We constructed past and present-day final climate niche models using six bioclimatic variables: annual mean temperature (Bio1), mean temperature of the coldest quarter (Bio11), annual precipitation (Bio12), precipitation of the driest month (Bio14), precipitation seasonality (Bio15), and precipitation of the warmest quarter (Bio18). This model had a very high value of area under the receiving operator characteristics curve (AUC = 0.919 ± 0.067 SD), indicating overall good performance. The predicted habitat suitability area in the present was consistent with the current distribution of the species, but some areas in the northern and west side of the Pyrenees where the Morales grasshopper has not been recorded were also predicted to be suitable for the species (Fig. 3a). Projections of the present-day climate niche envelope to the LGM and LIG suggesting that the Pyrenean Morales grasshopper has experienced important distributional shifts during the Pleistocene. During the LGM, areas above 1 800–2 000 m.a.s.l. resulted unsuitable for the species and its potential distribution range expanded to areas of lower altitude across the western and northern side of the Pyrenees (Fig. 3b). Conversely, the potential distribution range of the species during the LIG expanded to higher altitudes but its peripheral geographical limits were similar than in the present (Fig. 3c).

Fig. 3
figure 3

Climate niche modelling of the Pyrenean Morales grasshopper for (a) the present, (b) the Last Glacial Maximum (LGM, c. 21 kya BP) and (c) the Last Interglacial (LIG; c. 120–140 kya BP). Climatically suitable areas defined using the maximum training sensitivity plus specificity threshold (MTSS) is in red. The topography is in the background map, in which whiter colors indicate higher elevations and darker colors indicate lower elevations (range from 0 to 3404 m.a.s.l.). Yellow dots represent the eleven sampling sites

Population genetic structure

Pairwise F ST-values ranged from 0.021 to 0.216 and 53 of 55 comparisons were significant after sequential Bonferroni correction (Additional file 1: Table S1). Pairwise F STNA-values were lower than F ST-values and ranged from 0.014 to 0.148. Pairwise F ST-values were highly correlated with pairwise F STNA-values (Mantel r = 0.941; P < 0.001).

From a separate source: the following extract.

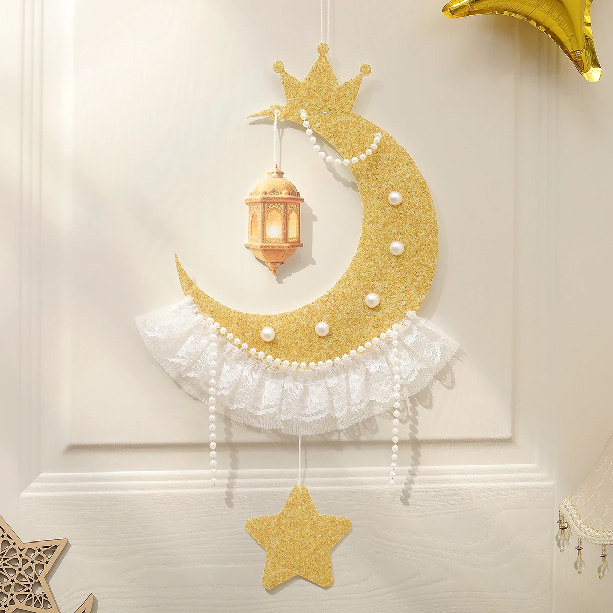 Eid Mubarak; Ramadan Moon and Star Party Background Wall Decor Hanging for Door Banner

STRUCTURE analyses on all populations showed that the best-supported number of clusters was K = 2 according to the ΔK method (Fig. 2b; Additional file 1: Figure S2). These initial analyses detected a strong correspondence between the inferred genetic clusters and their geographic location, even when a broader range of K-values (K = 2–7) was evaluated. Subsequent hierarchical analyses on different subsets of populations detected further genetic structuring (Fig. 2b). Individual assignment probabilities to a certain genetic cluster were generally high and the distribution of the hierarchical genetic structure exhibited congruence with the geographical location of the studied populations. Consecutive hierarchical analyses revealed that each population constituted a single cluster, although many pairs of populations showed a considerable degree of genetic admixture (Fig. 2b).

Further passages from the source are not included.